(Entries taken from a collection)
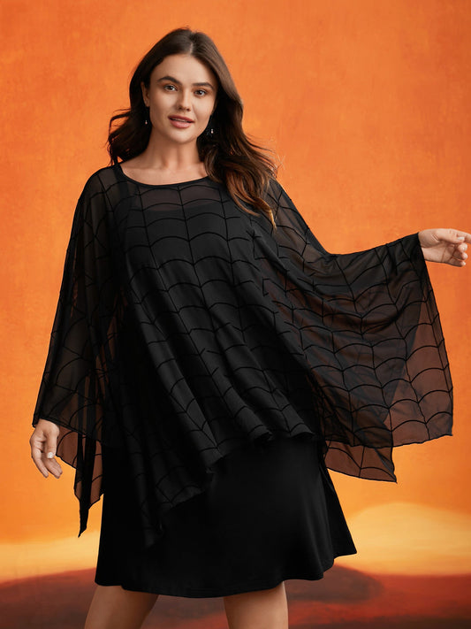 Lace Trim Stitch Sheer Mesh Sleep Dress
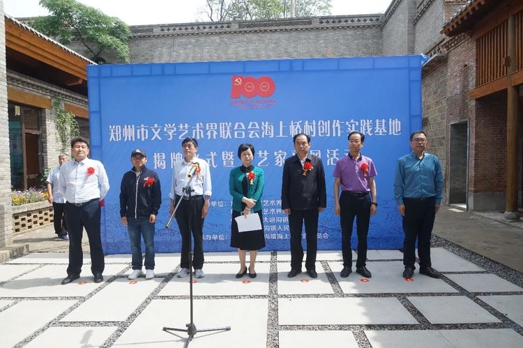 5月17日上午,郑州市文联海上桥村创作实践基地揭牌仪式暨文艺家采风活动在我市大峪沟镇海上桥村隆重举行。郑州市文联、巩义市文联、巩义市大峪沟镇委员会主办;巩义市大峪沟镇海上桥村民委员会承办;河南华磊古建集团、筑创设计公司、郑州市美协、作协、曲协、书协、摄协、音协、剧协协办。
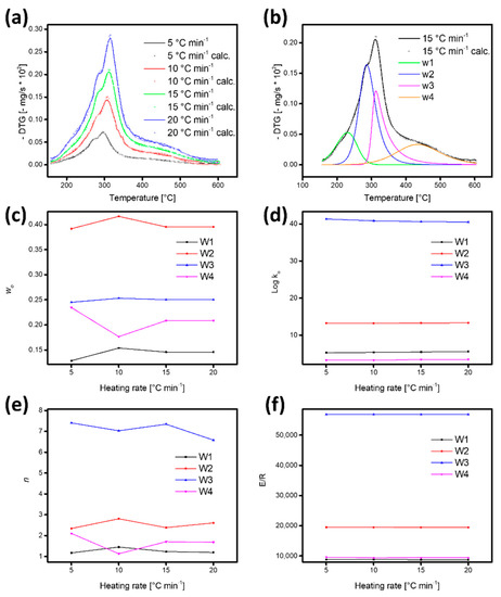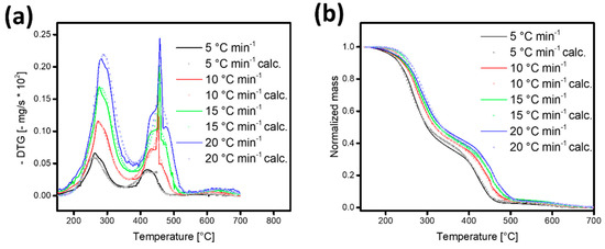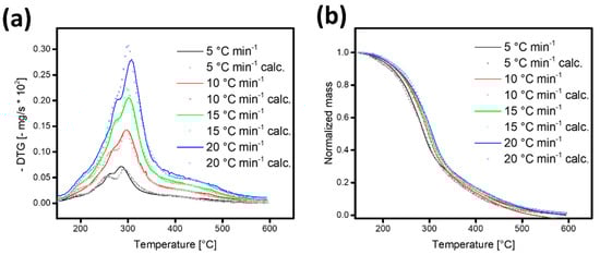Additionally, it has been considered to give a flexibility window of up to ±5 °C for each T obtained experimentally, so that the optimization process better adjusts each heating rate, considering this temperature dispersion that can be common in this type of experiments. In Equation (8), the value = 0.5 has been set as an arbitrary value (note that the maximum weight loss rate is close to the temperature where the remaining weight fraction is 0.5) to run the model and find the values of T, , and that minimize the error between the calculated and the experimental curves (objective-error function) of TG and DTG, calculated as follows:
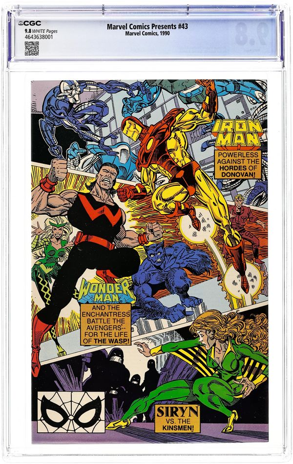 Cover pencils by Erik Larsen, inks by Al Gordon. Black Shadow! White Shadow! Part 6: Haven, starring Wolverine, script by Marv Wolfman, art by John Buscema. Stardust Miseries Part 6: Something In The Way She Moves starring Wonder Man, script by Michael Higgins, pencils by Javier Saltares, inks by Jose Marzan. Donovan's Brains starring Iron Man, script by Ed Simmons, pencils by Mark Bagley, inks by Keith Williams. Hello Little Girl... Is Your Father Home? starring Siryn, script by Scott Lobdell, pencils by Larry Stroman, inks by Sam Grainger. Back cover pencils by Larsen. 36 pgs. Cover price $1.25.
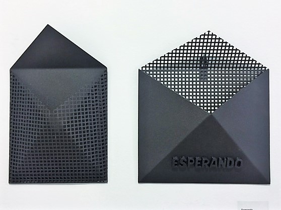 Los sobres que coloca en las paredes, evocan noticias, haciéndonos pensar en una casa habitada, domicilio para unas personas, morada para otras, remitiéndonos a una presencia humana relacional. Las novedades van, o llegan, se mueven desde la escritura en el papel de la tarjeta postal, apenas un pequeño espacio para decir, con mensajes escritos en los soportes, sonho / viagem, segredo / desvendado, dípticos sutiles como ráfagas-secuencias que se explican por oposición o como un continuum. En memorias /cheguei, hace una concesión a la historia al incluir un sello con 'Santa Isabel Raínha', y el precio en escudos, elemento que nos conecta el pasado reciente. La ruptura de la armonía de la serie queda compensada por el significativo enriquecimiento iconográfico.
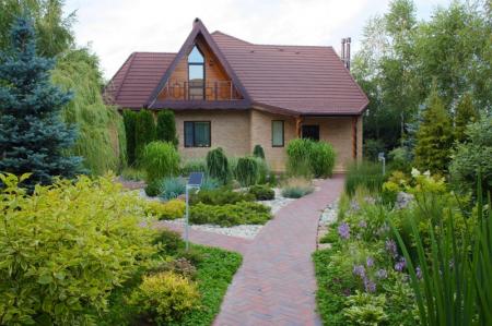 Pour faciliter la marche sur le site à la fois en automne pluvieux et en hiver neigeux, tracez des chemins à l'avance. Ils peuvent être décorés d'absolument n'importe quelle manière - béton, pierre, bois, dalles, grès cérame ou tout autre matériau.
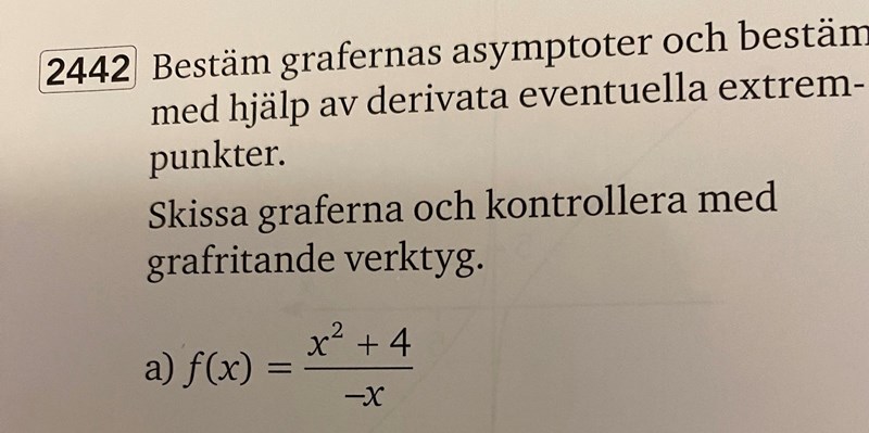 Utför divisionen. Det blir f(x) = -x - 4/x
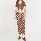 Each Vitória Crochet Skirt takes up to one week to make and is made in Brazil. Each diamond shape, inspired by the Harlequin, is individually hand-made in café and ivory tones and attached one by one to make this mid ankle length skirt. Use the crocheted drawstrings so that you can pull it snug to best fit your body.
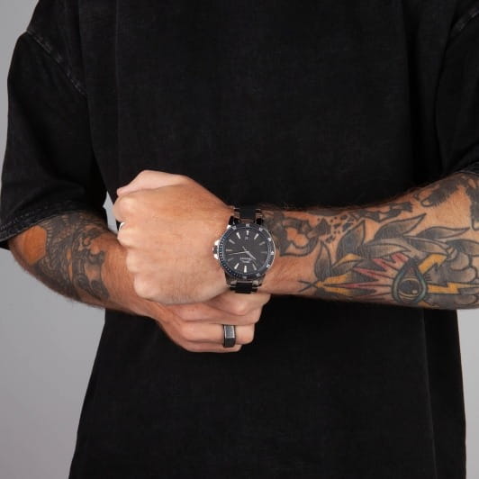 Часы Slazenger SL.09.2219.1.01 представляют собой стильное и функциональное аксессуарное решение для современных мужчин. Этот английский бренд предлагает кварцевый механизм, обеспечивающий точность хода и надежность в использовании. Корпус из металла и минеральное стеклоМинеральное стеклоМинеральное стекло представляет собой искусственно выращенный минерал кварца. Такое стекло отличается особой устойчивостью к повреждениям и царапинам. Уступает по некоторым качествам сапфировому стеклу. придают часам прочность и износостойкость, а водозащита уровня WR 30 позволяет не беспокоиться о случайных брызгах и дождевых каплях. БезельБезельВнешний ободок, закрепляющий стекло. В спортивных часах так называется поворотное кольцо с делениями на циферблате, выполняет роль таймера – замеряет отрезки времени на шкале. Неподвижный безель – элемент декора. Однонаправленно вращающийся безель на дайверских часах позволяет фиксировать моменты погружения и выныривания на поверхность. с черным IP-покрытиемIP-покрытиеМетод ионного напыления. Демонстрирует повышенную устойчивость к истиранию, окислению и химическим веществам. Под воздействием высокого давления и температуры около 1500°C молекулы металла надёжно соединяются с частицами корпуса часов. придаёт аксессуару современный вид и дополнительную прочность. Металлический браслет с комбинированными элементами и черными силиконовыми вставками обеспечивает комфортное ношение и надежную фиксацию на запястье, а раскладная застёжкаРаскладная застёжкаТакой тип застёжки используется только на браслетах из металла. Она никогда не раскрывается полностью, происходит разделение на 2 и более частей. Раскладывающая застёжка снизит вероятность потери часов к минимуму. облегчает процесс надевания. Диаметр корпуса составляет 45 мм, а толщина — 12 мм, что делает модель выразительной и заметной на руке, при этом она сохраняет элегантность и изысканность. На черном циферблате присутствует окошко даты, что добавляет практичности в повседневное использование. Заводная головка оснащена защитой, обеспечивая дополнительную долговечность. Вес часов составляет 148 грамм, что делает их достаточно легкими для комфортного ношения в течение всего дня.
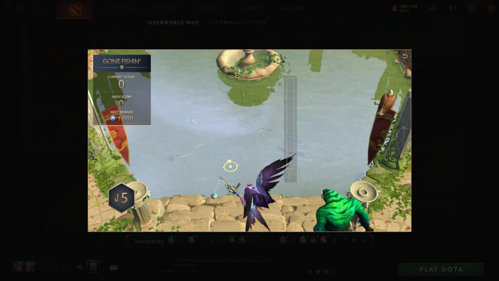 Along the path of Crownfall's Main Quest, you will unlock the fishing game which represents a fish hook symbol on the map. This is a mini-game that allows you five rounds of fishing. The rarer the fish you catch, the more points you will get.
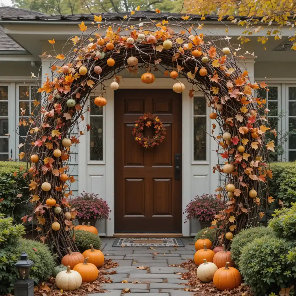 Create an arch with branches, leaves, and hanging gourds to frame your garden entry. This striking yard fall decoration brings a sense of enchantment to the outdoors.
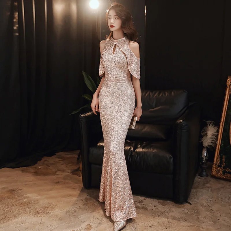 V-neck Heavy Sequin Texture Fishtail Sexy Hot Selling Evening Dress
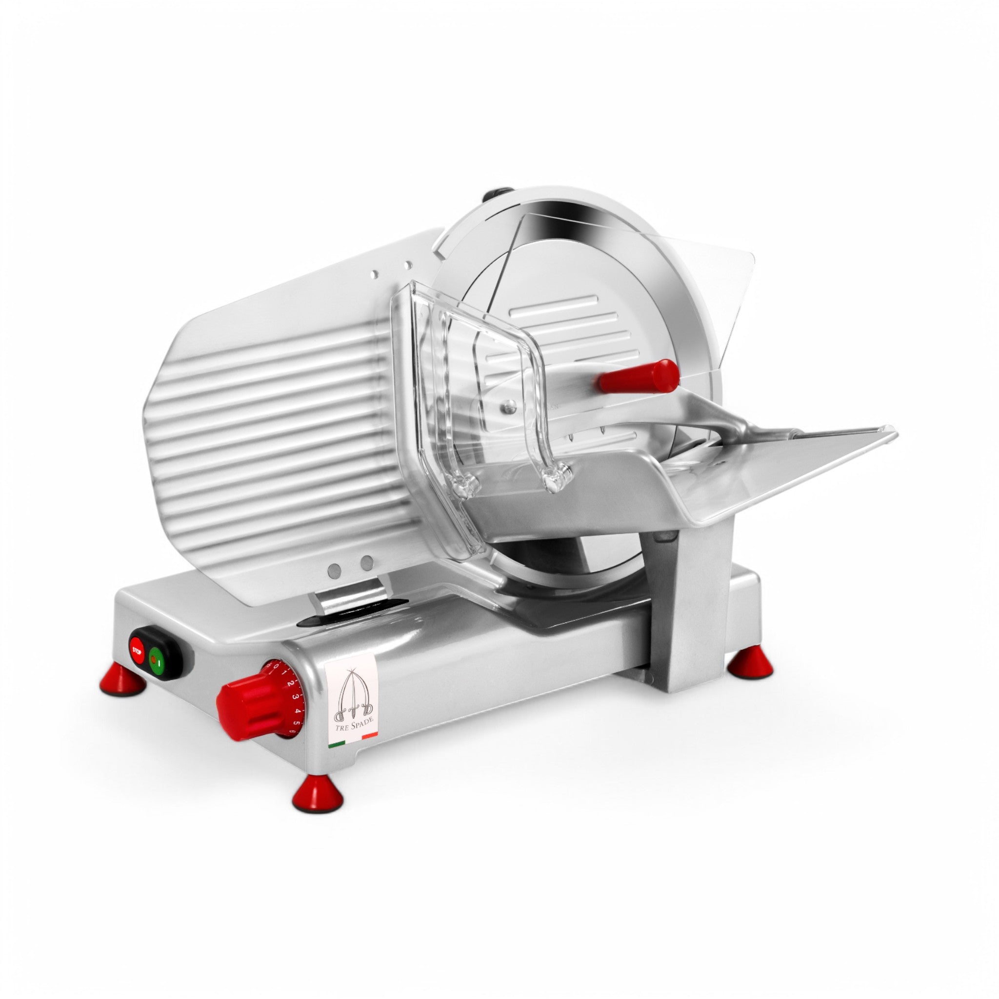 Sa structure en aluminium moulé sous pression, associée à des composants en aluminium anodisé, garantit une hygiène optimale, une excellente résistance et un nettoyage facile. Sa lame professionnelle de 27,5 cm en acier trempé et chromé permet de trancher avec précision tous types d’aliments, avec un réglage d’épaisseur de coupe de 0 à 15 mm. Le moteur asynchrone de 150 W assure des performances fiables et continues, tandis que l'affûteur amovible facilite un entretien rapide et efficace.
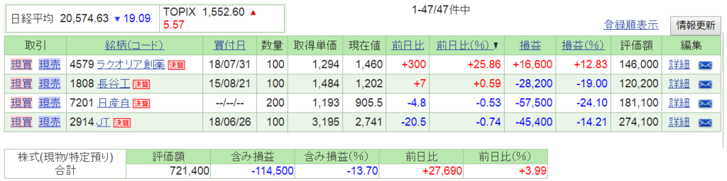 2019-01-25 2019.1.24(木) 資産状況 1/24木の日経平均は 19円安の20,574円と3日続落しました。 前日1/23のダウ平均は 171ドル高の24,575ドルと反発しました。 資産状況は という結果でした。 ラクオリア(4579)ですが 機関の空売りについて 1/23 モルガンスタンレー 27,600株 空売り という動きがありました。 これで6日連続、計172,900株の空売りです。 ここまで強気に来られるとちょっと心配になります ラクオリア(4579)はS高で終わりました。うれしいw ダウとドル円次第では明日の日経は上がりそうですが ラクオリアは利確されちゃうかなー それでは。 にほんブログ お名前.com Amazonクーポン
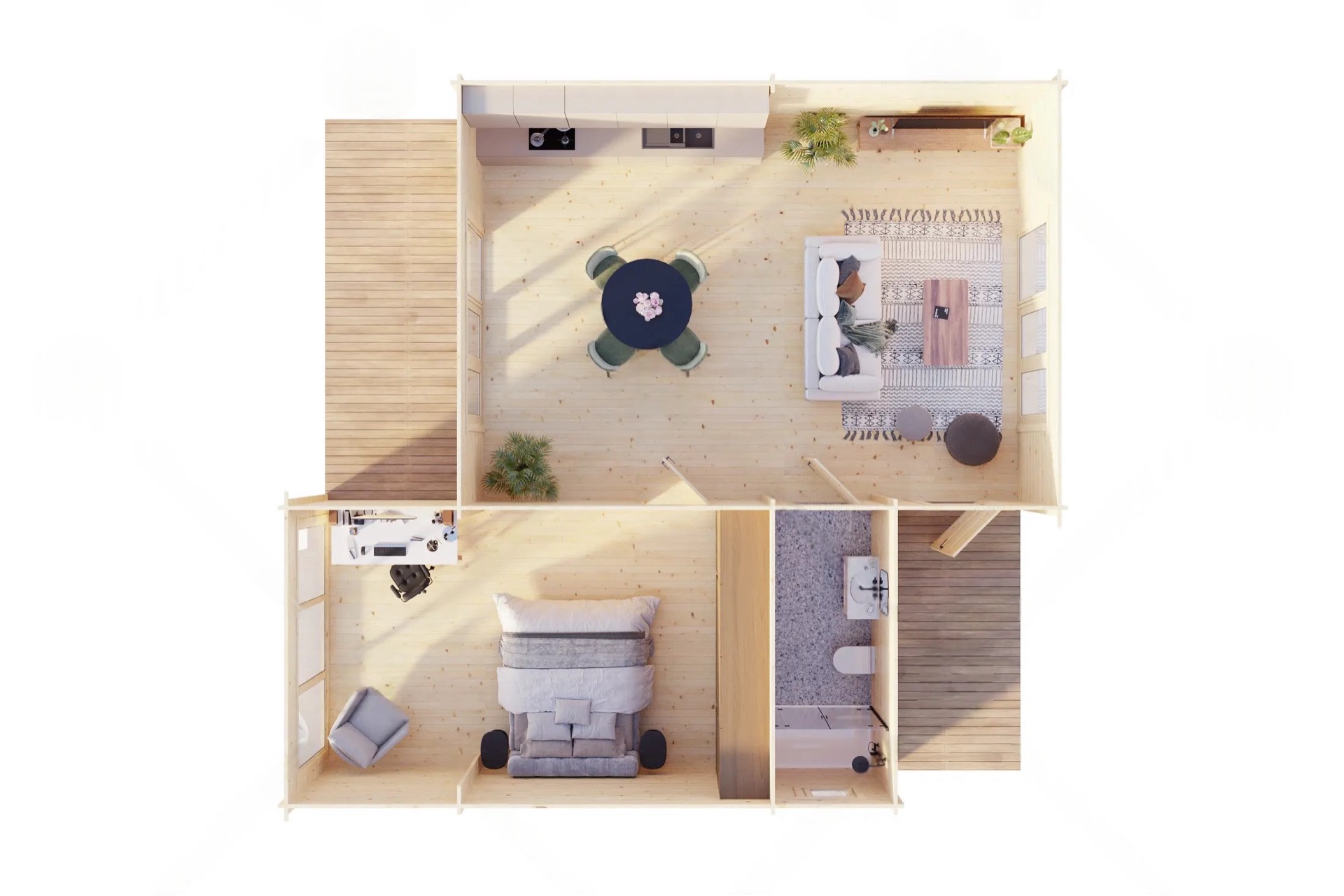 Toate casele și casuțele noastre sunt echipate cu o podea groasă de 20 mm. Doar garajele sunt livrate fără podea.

== DESCRIPTION OF THE TASK ==
Starting with the first line of the data above, write out each line exactly up to and including the line that holds "Los sobres que". Pictures stay out.

== OUTPUT ==
 Lace Trim Stitch Sheer Mesh Sleep Dress
 5月17日上午,郑州市文联海上桥村创作实践基地揭牌仪式暨文艺家采风活动在我市大峪沟镇海上桥村隆重举行。郑州市文联、巩义市文联、巩义市大峪沟镇委员会主办;巩义市大峪沟镇海上桥村民委员会承办;河南华磊古建集团、筑创设计公司、郑州市美协、作协、曲协、书协、摄协、音协、剧协协办。
Additionally, it has been considered to give a flexibility window of up to ±5 °C for each T obtained experimentally, so that the optimization process better adjusts each heating rate, considering this temperature dispersion that can be common in this type of experiments. In Equation (8), the value = 0.5 has been set as an arbitrary value (note that the maximum weight loss rate is close to the temperature where the remaining weight fraction is 0.5) to run the model and find the values of T, , and that minimize the error between the calculated and the experimental curves (objective-error function) of TG and DTG, calculated as follows:
 Cover pencils by Erik Larsen, inks by Al Gordon. Black Shadow! White Shadow! Part 6: Haven, starring Wolverine, script by Marv Wolfman, art by John Buscema. Stardust Miseries Part 6: Something In The Way She Moves starring Wonder Man, script by Michael Higgins, pencils by Javier Saltares, inks by Jose Marzan. Donovan's Brains starring Iron Man, script by Ed Simmons, pencils by Mark Bagley, inks by Keith Williams. Hello Little Girl... Is Your Father Home? starring Siryn, script by Scott Lobdell, pencils by Larry Stroman, inks by Sam Grainger. Back cover pencils by Larsen. 36 pgs. Cover price $1.25.
 Los sobres que coloca en las paredes, evocan noticias, haciéndonos pensar en una casa habitada, domicilio para unas personas, morada para otras, remitiéndonos a una presencia humana relacional. Las novedades van, o llegan, se mueven desde la escritura en el papel de la tarjeta postal, apenas un pequeño espacio para decir, con mensajes escritos en los soportes, sonho / viagem, segredo / desvendado, dípticos sutiles como ráfagas-secuencias que se explican por oposición o como un continuum. En memorias /cheguei, hace una concesión a la historia al incluir un sello con 'Santa Isabel Raínha', y el precio en escudos, elemento que nos conecta el pasado reciente. La ruptura de la armonía de la serie queda compensada por el significativo enriquecimiento iconográfico.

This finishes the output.